ACTION ITEM: Output exactly, in the material below, the lines from the one with "The great wildebeest" through the one with "ZŁOTY BRELOK DAMSKI". Omit all pictures.

INPUT FOR THIS TASK section start

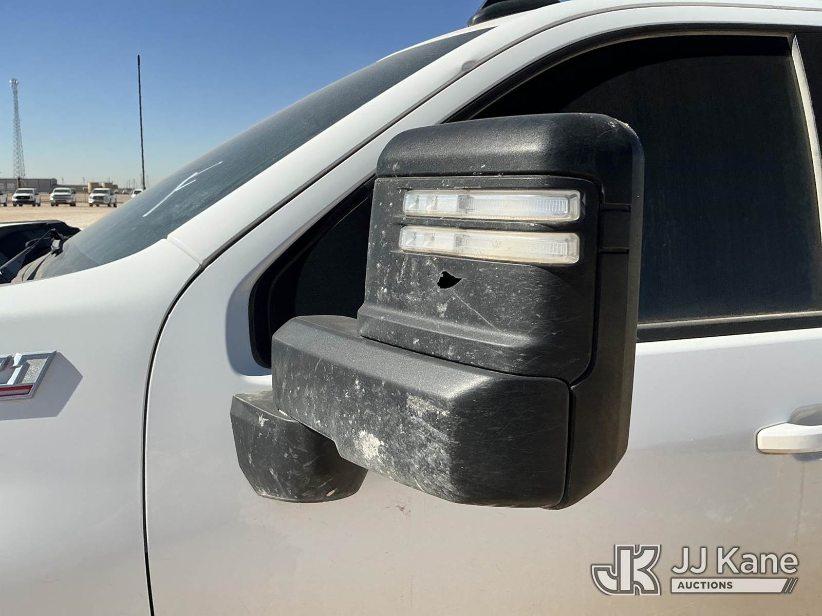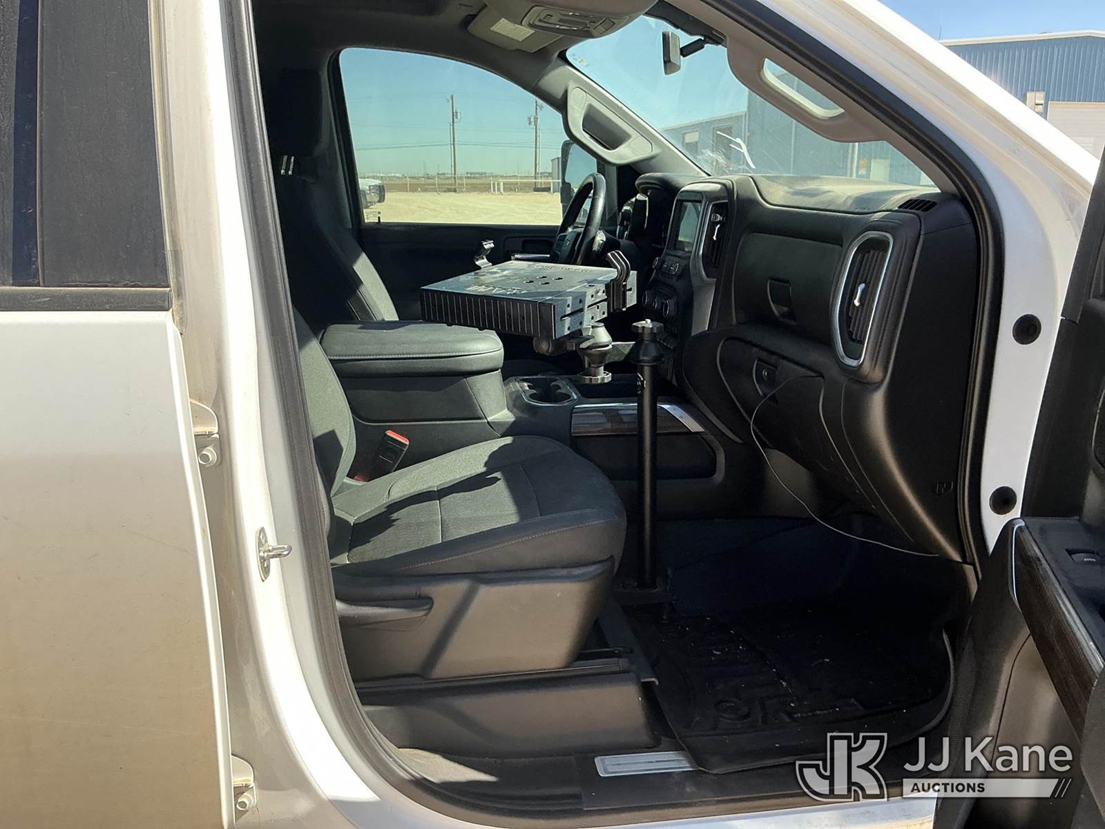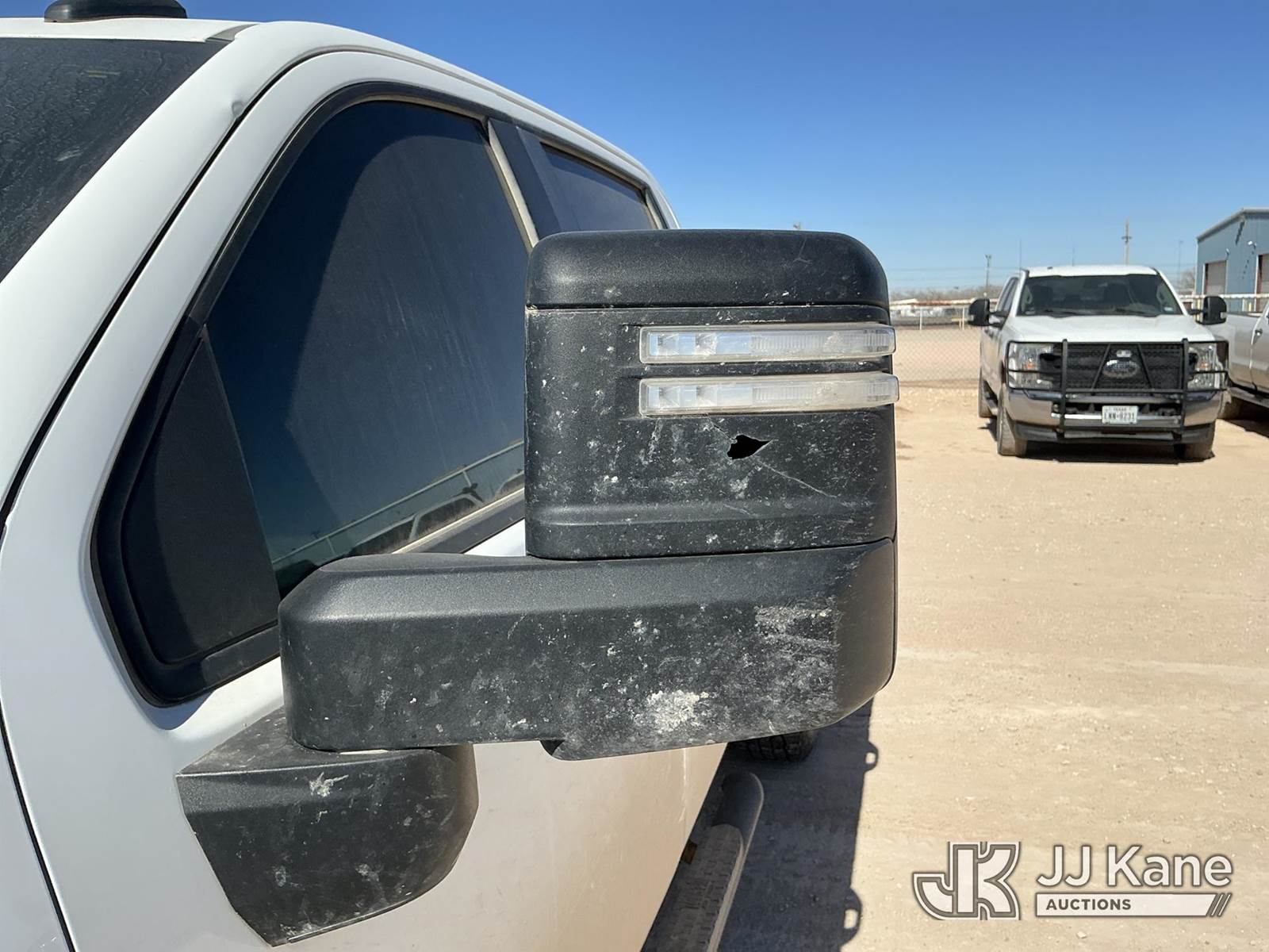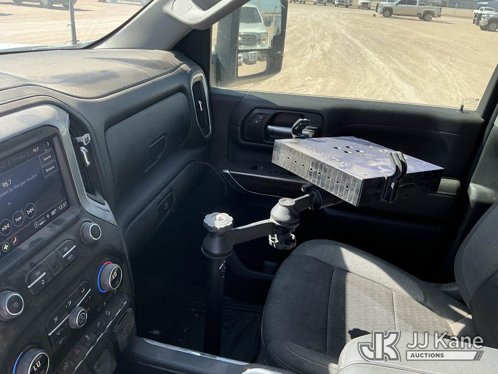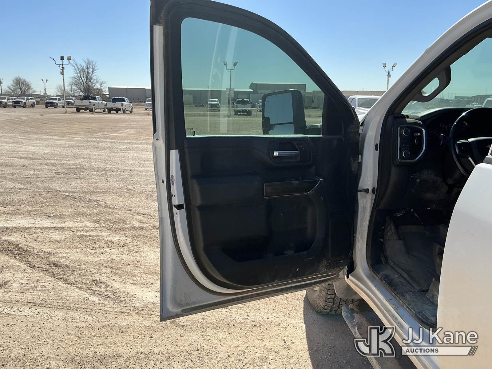 2023 Chevrolet Silverado 2500HD Crew-Cab Pickup Truck, 8-cyl gas, 4wd, 6-Speed Automatic, A/C, with Cab Mounted Computer Work Station & Bed Toolbox , (99,516 miles) (Runs & Moves) (Windshield Is Cracked, Body Damage Dents And Scratches All Around, Rear Bumper Left Side Has Significant Damage Large Dent, Driver Side Mirror Assembly Is Damaged Hole) (Reads 5,489 hours) This is a Titled Item NOTE: This unit is being sold AS IS/WHERE IS via Timed Auction and is located in Midland, TX. For pre-sale questions please call EJ Brown at (915) 341-2565. (Buyer is responsible for removal. Assistance by consignor or JJ Kane Auctions is not assured.)
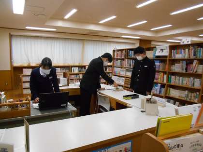 今朝の文化委員会の図書貸し出しの様子です。朝の利用は、10人程度のようですが、お昼や放課後等、自分の都合のよい時間に合わせて、どんどん利用しましょう。新刊も続々入っています。
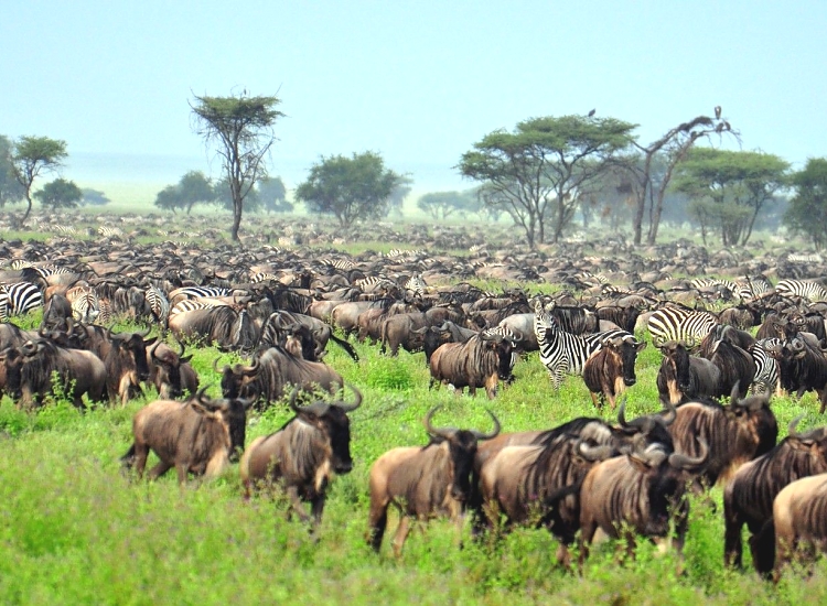 The great wildebeest migration of over 1.3 million accompanied by large numbers of zebra, and smaller numbers of Grant's & Thomson's gazelle, eland and impala with an annual pattern seeking fresh grazing and water. Having a chance of encountering this phenomena has being described as one of the natural wonders and gives you a life time experience from nature.
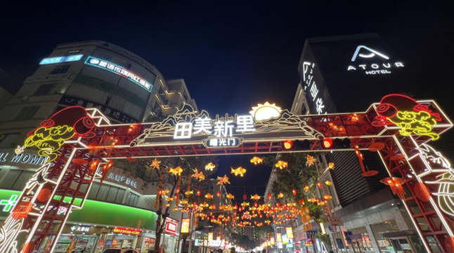 2024年9月,“田美新里”特色商业街首期项目田美夜市盛大启市,集聚夜市摊位300余个、提供就业岗位上千个。项目首期运营后月均客流超30万人次,2026年元旦3天接待游客超10万人次、拉动消费250万元,商户营收平均增长10%—15%。
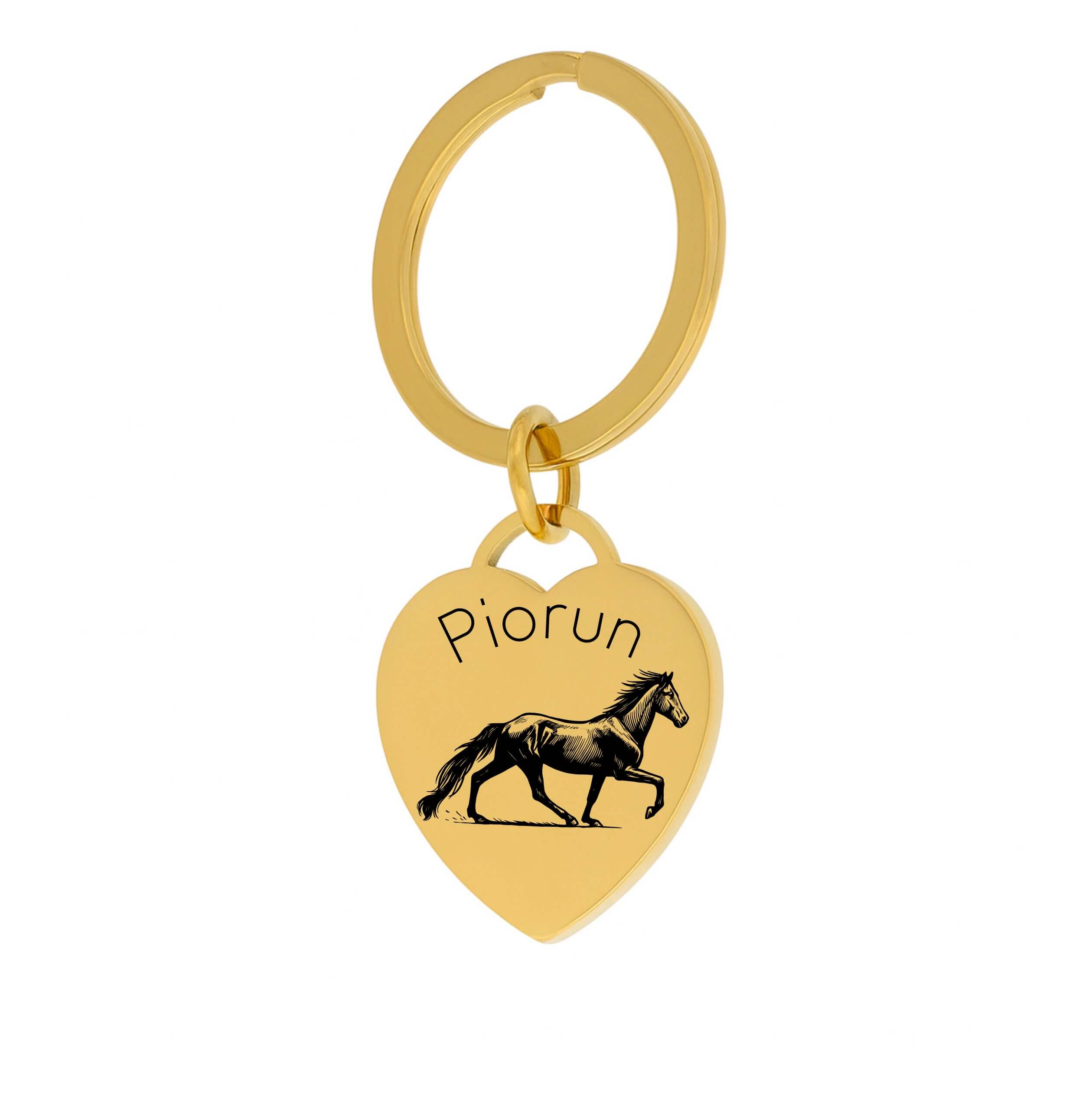 ZŁOTY BRELOK DAMSKI W KSZTAŁCIE SERCA ZE STALI CHIRURGICZNEJ 316L GRAWER Z RYSUNKIEM SZCZEGÓŁOWYM KONIA PREZENT MARZEŃ
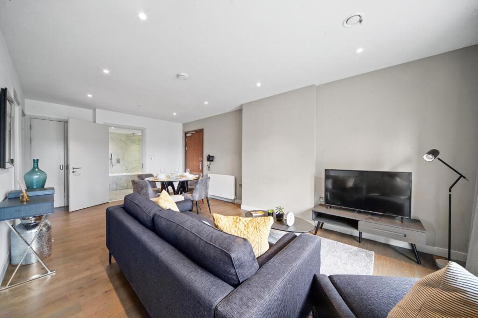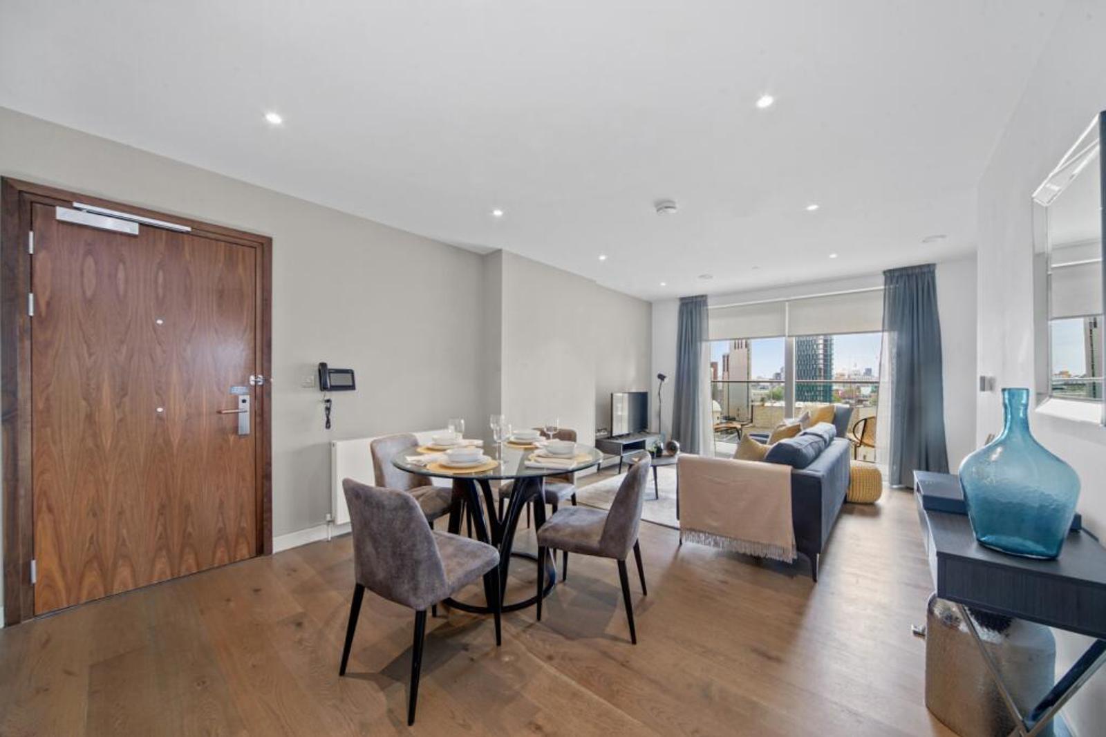 This spacious apartment features an open-plan living area for the kitchen, lounge and dining spaces, with the addition of a large balcony where you can take in some of the best views across London. Integrated kitchens feature appliances including a multi-functional oven and induction hob and come with plenty of cupboard space. The bedrooms have built-in wardrobes, complemented by a chest of drawers and bedside tables. Marble bathrooms give this property an opulent yet timeless look, with heated mirrors (to prevent steaming) containing even more storage.
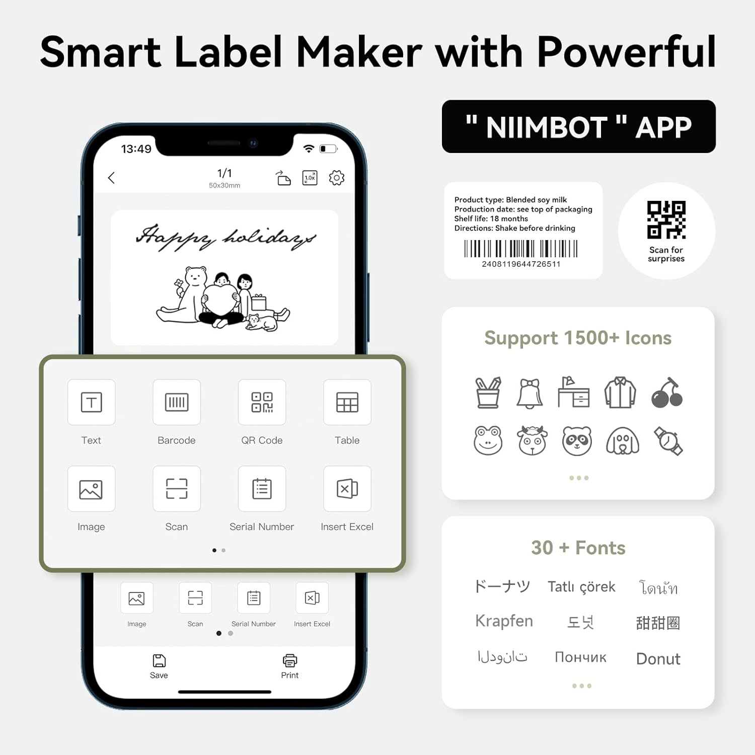 - 【Easy TO Use】It is incompatible with iPad. B1 Bluetooth label printer supports iOS & Android and PC. The app included more than support 30+ fonts/Languages, 100+ borders, and 1500+ symbols. Just need to download the free app, choosing and connecting printer model B1 from NIIMBOT APP, Then Enjoy Printing

INPUT FOR THIS TASK section end

OUTPUT OF THE EXERCISE:
 The great wildebeest migration of over 1.3 million accompanied by large numbers of zebra, and smaller numbers of Grant's & Thomson's gazelle, eland and impala with an annual pattern seeking fresh grazing and water. Having a chance of encountering this phenomena has being described as one of the natural wonders and gives you a life time experience from nature.
 2024年9月,“田美新里”特色商业街首期项目田美夜市盛大启市,集聚夜市摊位300余个、提供就业岗位上千个。项目首期运营后月均客流超30万人次,2026年元旦3天接待游客超10万人次、拉动消费250万元,商户营收平均增长10%—15%。
 ZŁOTY BRELOK DAMSKI W KSZTAŁCIE SERCA ZE STALI CHIRURGICZNEJ 316L GRAWER Z RYSUNKIEM SZCZEGÓŁOWYM KONIA PREZENT MARZEŃ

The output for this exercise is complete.